Resource Type: Technical Reports

NDARC Technical Report No. 20 (1993)


Methadone maintenance (MM) is the largest modality for the treatment of opioid dependence in Australia, with approximately 11,000 patients currently in treatment. Very little attention has been paid to social and demographic differences between opioid users in Australia, with most research and discussion proceeding as if MM patients were a relatively homogenous group.

Clinical lore among staff working in MM clinics has suggested that there may be geographic differences between MM patients in different areas of Sydney. One often suggested difference has been between patients residing in inner and outer Sydney suburbs. Such differences may be expected on the grounds of differences in social class, education and access to health and welfare services in the two areas. There is, for example, a substantial literature on social class and educational differences in premature mortality and morbidity. These differences are attributable, in part, to differences in behaviour that put health at risk such as smoking, alcohol use, diet, exercise and health care utilisation.

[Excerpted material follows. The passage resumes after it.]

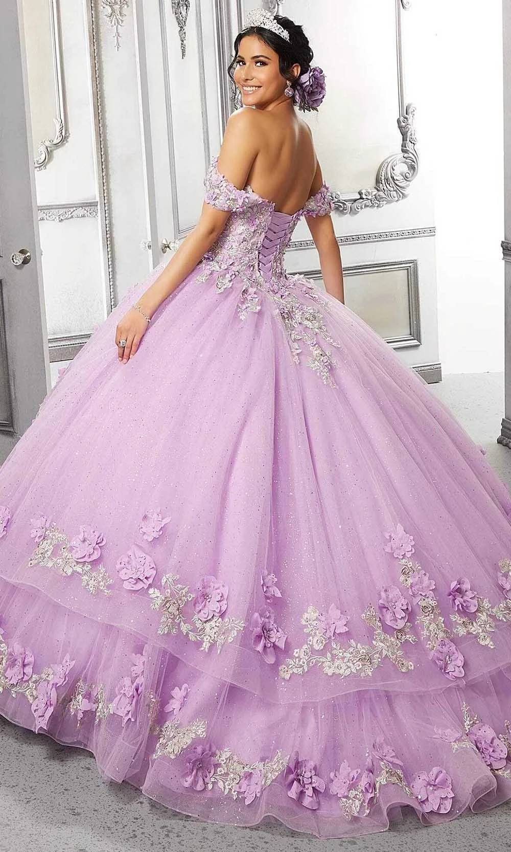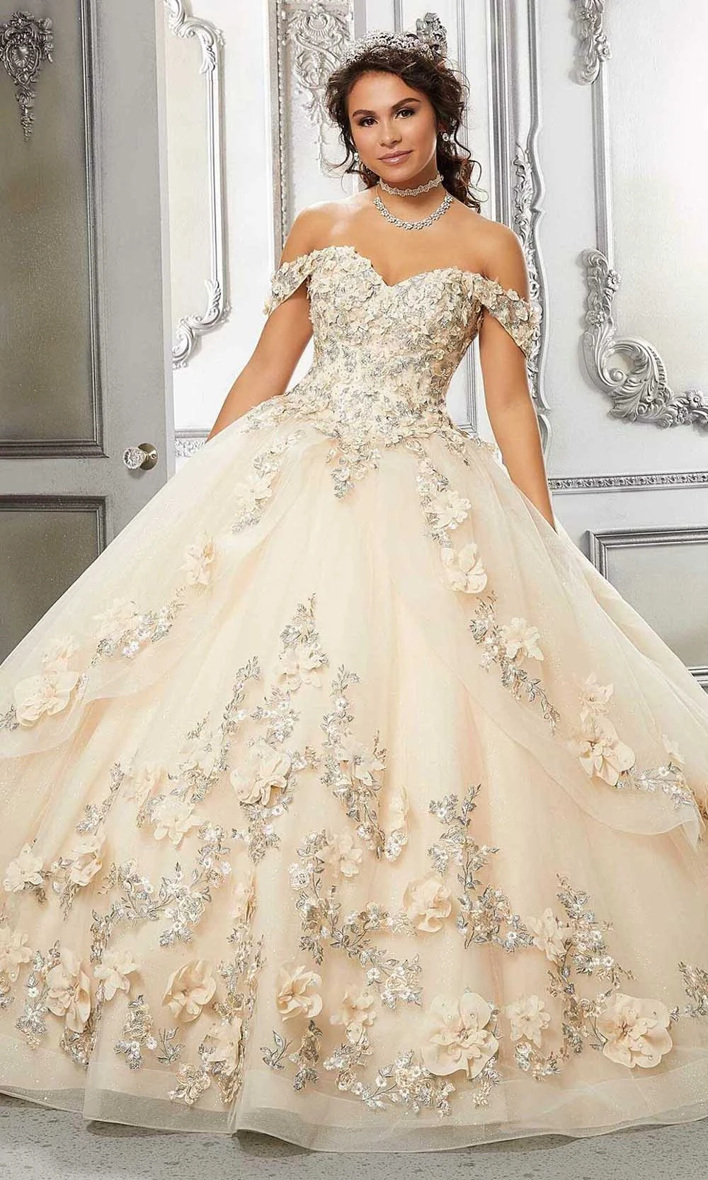 Glide into that spectacular black-tie event like an ethereal vision as you flaunt this gorgeous Mori Lee 89318. Bloom with loveliness as you wear this quinceanera dress that features a sweetheart neckline with an off-shoulder neckline. The top ha made with an floral applique fabric and the skirt is made with a floral applique tulle fabric. This dress will also make you shine as it has a touch of glitter. The back is an open back with a lace up ties that is made for security purposes that also adds to the elegance. Feel dainty and feminine in this enchantingly designed Mori Lee. More colors available. Please call our sales team at 855-700-4239.

There is emerging evidence of such differences in the patterns of use and health consequences of amphetamine use in Sydney among users from the inner city and the more economically depressed south western suburbs. South western amphetamine users consumed more speed in an average episode, reported greater dependence, and had more health problems than inner city users. While a part of suburban Sydney, the south western suburbs are approximately 50 kilometres from inner Sydney. The south west is thus geographically remote from the inner city, and is more socially disadvantaged on indicators such as unemployment, education and income.

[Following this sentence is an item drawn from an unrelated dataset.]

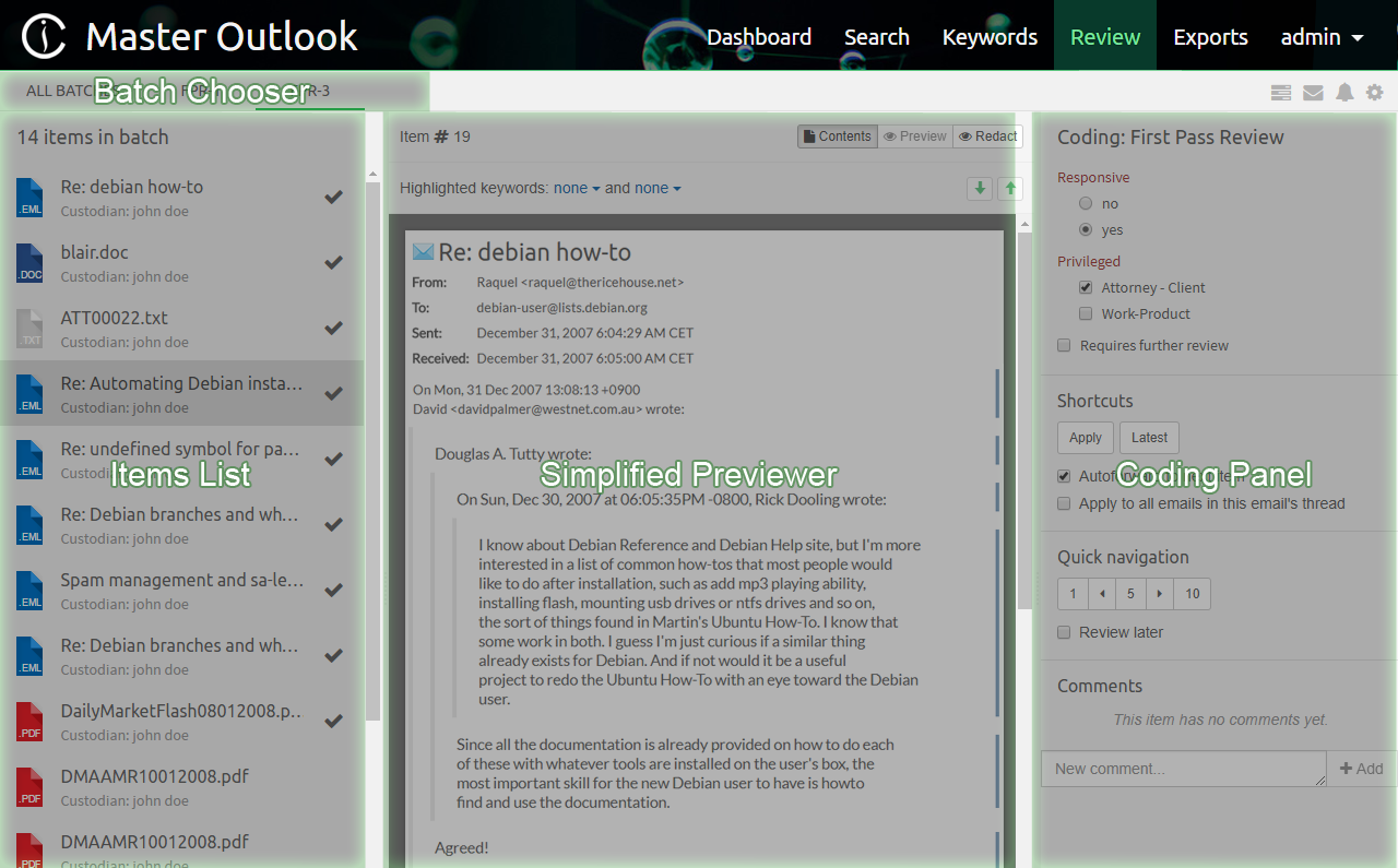 - Review view - allows for a simplified, cost effective review of items grouped into batches.

Given the differences in locality and social status between the two areas, there may be clinically significant differences in the profiles and behaviours of MM patients from the inner city, and those from the south western suburbs. Differences in demographics and socioeconomic status may directly contribute to differences in the behaviours of groups of MM patients, with implications for their clinical management. Anecdotal evidence from clinic staff in these two areas indicated that they perceived the two groups of patients to be dissimilar, and to present different clinical problems.

The current study aimed to compare groups of inner city Sydney (ICS) and south western Sydney (SWS) MM patients. Specifically, the study aimed to ascertain whether there were differences in the socio-demographic profiles, treatment factors, current drug use and injecting behaviours, and psychological functioning of ICS and SWS patients. The study was conducted as part of a larger study on HIV risk-taking among MM patients.